▶ **EXCERPTED RECORDS**

━━━━━━━━━━━━━━━━

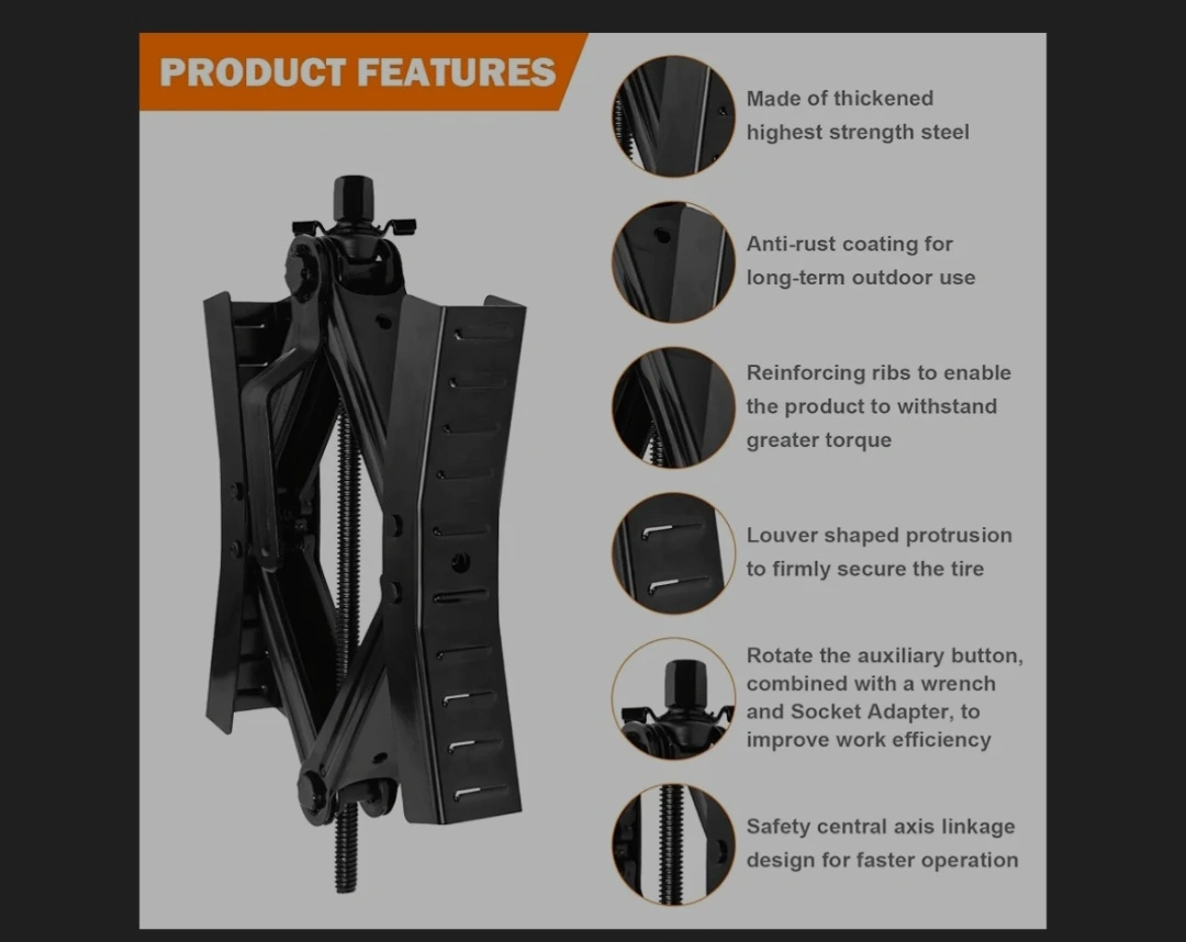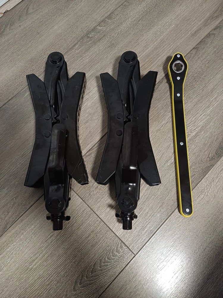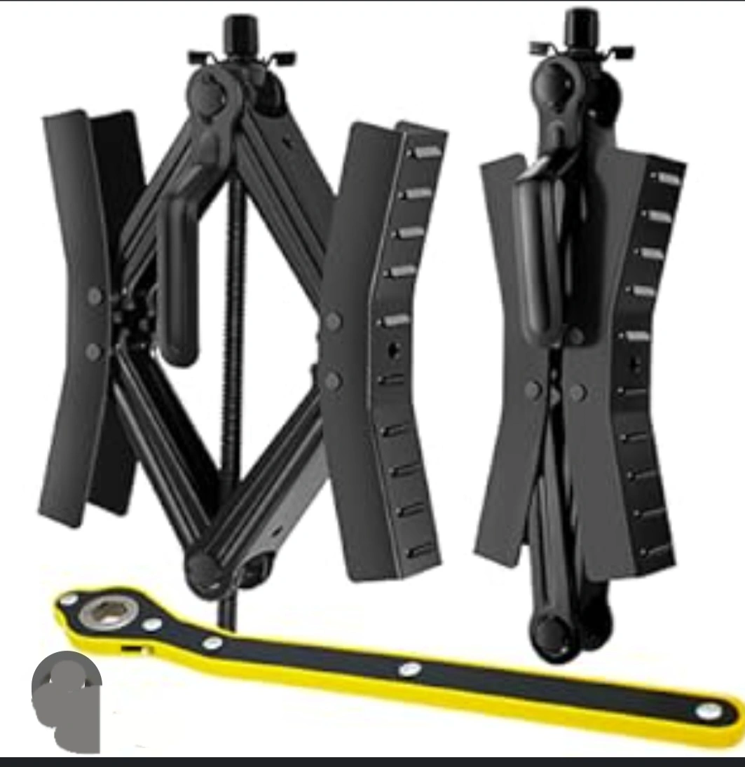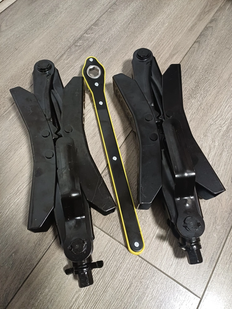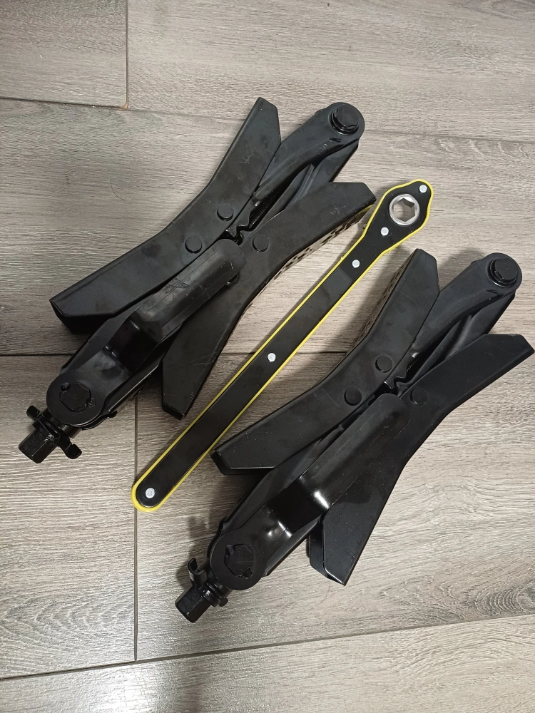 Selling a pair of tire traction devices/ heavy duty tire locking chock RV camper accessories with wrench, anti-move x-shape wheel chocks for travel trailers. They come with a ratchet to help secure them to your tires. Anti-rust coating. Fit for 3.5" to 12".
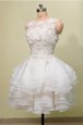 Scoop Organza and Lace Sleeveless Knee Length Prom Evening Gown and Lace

━━━━━━━━━━━━━━━━

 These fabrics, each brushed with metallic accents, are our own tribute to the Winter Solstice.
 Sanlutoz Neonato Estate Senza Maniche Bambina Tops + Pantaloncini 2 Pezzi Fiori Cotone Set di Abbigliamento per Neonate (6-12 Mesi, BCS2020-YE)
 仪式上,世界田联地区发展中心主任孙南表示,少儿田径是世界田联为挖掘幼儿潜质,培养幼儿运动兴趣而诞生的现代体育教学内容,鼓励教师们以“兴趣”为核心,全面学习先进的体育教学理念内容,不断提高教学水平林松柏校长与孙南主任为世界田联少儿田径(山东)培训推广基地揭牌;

━━━━━━━━━━━━━━━━

▶ **EXERCISE DESCRIPTION**
For this exercise, set down the lines in the entries above from the one with "Selling a pair" through the one with "Scoop Organza and" exactly as written, without any pictures.

▶ **EXERCISE OUTPUT**
 Selling a pair of tire traction devices/ heavy duty tire locking chock RV camper accessories with wrench, anti-move x-shape wheel chocks for travel trailers. They come with a ratchet to help secure them to your tires. Anti-rust coating. Fit for 3.5" to 12".
 Scoop Organza and Lace Sleeveless Knee Length Prom Evening Gown and Lace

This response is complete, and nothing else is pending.